The Greatest Gift: Generosity of Lacrosse World has Laura Warren Ready to Go


When Laura Warren tore her ACL at the European Championships in 2019 in Israel, a reporter asked her if she thought her playing days were over.

“I just laughed,” Warren said. “I absolutely laughed at her. I was 37, so they just assumed I was done. I was like, ‘No way.’ I had a feeling of calm when it happened.”

It wasn’t the first time Warren would have to pick herself up and stage a comeback. A mother of two, Warren had to work her way back to lacrosse after having children in 2012 and 2015. The first time, she didn’t have the same steady confidence she does now as a seasoned veteran. Juggling lacrosse and an infant during a U.S. tour ahead of the 2013 world championship was exhausting, even for a person whose default facial expression is a smile.

Warren nearly walked away from the game, but her coaches and teammates encouraged her to stick with it. She did. And she has. Warren played in 2013 and again in 2017 after having her second child. This summer, she’ll make her sixth world championship appearance for Wales, and she’s embracing the journey.

“I don’t think the World Cup motivates me to train,” Warren said. “I love training so much, and it helps me in all areas of life. I am a single mom, and I deal with everything myself. The exercise makes me feel strong mentally and physically. It’s my break.”

Lacrosse has been a form of escapism since the moment she stepped on the field in 1990. Her parents had recently split, and playing kept her mind off what was happening at home.

“As soon as he put that stick in my hand, I was absolutely obsessed with it,” Warren said.

Warren also excelled in soccer. After watching “Bend it Like Beckham,” she was determined to go to the United States and play pro soccer. Then, she got a short e-mail from Cindy Timchal, the head women’s lacrosse coach at Maryland at the time.

“It was two or three sentences long and said something like, ‘We would love you to come and play at Maryland,’” Warren said.

Warren didn’t think twice.

“It never crossed my mind that I wouldn’t go,” she said. “I just went.”

The decision was a game-changer. Warren played for the Terps from 2002-04. But her minutes on the field were rivaled by what she learned outside the lines.

“My time at Maryland has shaped me into the person I am now,” Warren said. “You have to put hard work in. There are no excuses. You can never blame anyone else if you do something wrong. It comes down to you and your effort. … I really learned how to respect coaches and team players and teamwork as well. You’re all in it together. Sports are your big family.”

It was that family that lifted Warren up after she tore her ACL in 2019. Quitting was never an option, but her road back wasn’t paved by mere determination. There was a year-long waiting list to receive an operation through Wales’ National Health Services. The world championship was slated for 2021, and she worried she wouldn’t be ready in time if she waited until 2020. If she wanted the operation sooner, Warren would have to come up with the £7,500. She didn’t have that. A friend suggested GoFundMe.

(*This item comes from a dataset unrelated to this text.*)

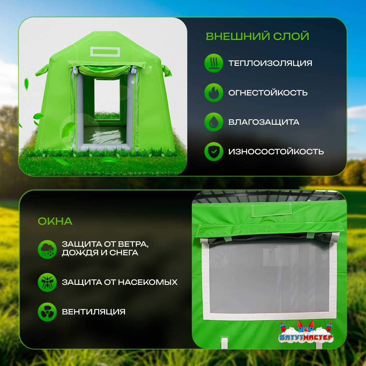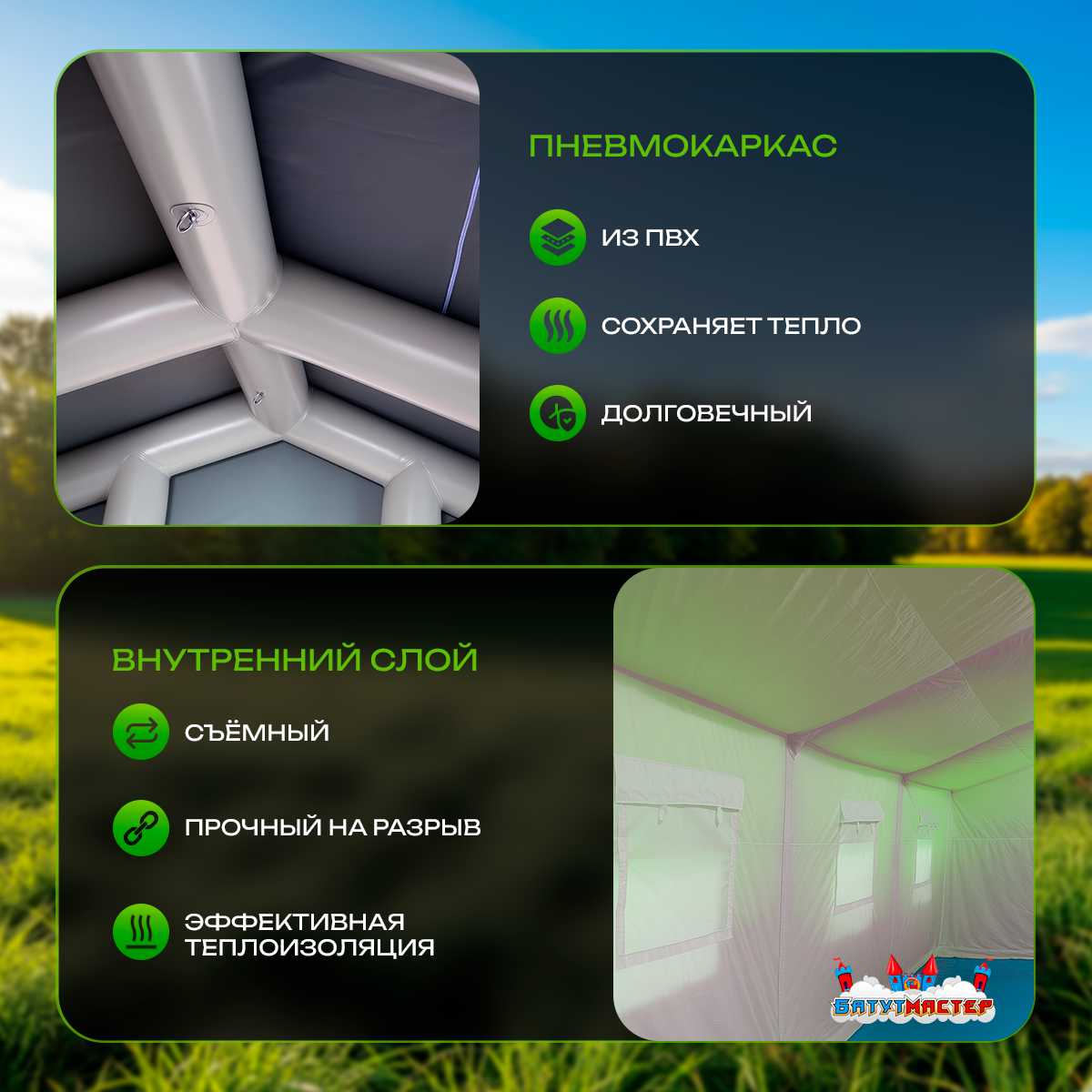Пневмокаркасная палатка "Универсал" зелёного цвета 4x2.5x2.5 — это современное решение для создания комфортного пространства в любых условиях. Она успешно используется как для отдыха на природе, так и для профессиональных задач в бизнесе. Простота сборки, устойчивость к погодным условиям и универсальность применения делают её востребованной во множестве сфер.

“Within 24 hours, we raised £7,500 from the lacrosse world,” Warren recalled, her voice cracking. “It was the best gift I was ever given. That’s why now I find it easy to keep playing — because I have this chance.”

But to get that chance, Warren had to learn to walk before she could run, let alone with a stick against some of the world’s top players. Her recovery fueled a new outlook on the game and fitness.

“I have really learned that it isn’t all about go-hard all the time,” Warren said. “It’s about listening to the body and looking at the fundamentals, your sleep, eating and stretching. …You have to take care of yourself in recovery, too.”

Fully recovered and humbled by the support she received, Warren is ready to return to Maryland, the state that shaped her as a player and person this summer.

“I’m going back home,” Warren said. “That seems a bit unreal, to be honest with you. … One thing about going to Maryland is you make such good friends, and then you scatter. I’m happy to go back home and see where it all started.”

And she’ll be bringing some of the lessons she learned in College Park — and the mindset she had when she hobbled off the field in Israel — with her.

“One of the biggest takeaways from Cindy Timchal is that I learned not to stress and take things moment by moment. You’ve got to enjoy it,” Warren said.